A Fact Table is a central table in a star schema of a data warehouse. A fact table stores quantitative information for analysis and is often de normalized. A fact table works with dimension tables and it holds the data to be analyzed and a dimension table stores data about the ways in which the data can be analyzed. A fact table consists of two types of columns. The foreign keys column allows joining with dimension tables and the measure columns contain the data that is being analyzed.
For example I am using “AdventureWorksDW2012”.
This Database design for Data warehouse.
FactInternetSales table is a Fact table.
If we will see in cube Fact table is surrounded by dimensions. See below
Fact: FactInternetSales
Dimension: prefix start with Dim
Type of facts
Ø Non-additive: we cannot use aggregation function such as SUM (), AVG () etc. on non-additive facts. For example of this type of fact is any king of ratio or percentage.
Ø Semi-additive: Semi-additive facts are those where only a few of aggregation function can be applied.
Ø Additive: in this type of facts we can be used with aggregation function like sum, avg etc.
Type of Fact Tables
Ø Transaction fact table: A Transactional table is the most basic and fundamental.

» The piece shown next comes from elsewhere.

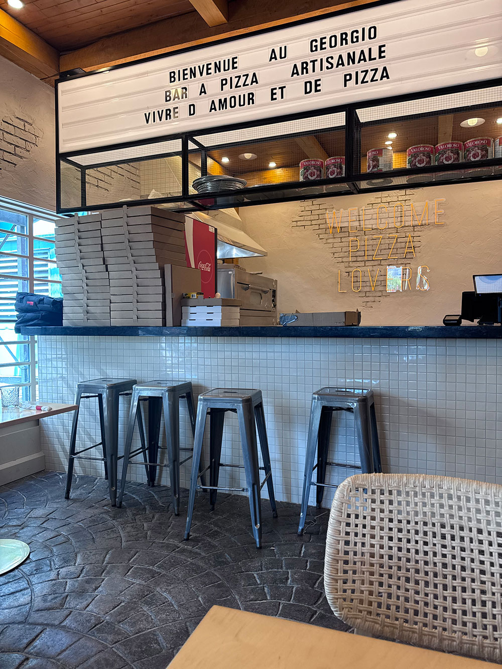 L’établissement propose aussi une terrasse saisonnière et un petit bar, créant un espace convivial pour manger sur place tout en restant fidèle à sa mission principale : rendre la pizza maison accessible à tous, rapidement et efficacement.

The grain associated with a transactional fact table is usually specified as one row per line in a transaction. It holds data of the most detailed level causing it to have great number of dimensions associated with it.
Ø Snapshot fact table: The snapshot fact table describes the state of things at a particular time and contains many semi- additive and non- additive facts.
Ø Accumulated fact table: The accumulated fact table is used to show the activity of a process that has beginning and end.
Ø Fact less fact table: Fact less fact table which contain no measures. We call it as fact less fact table. These tables are used to capture the action of the business process.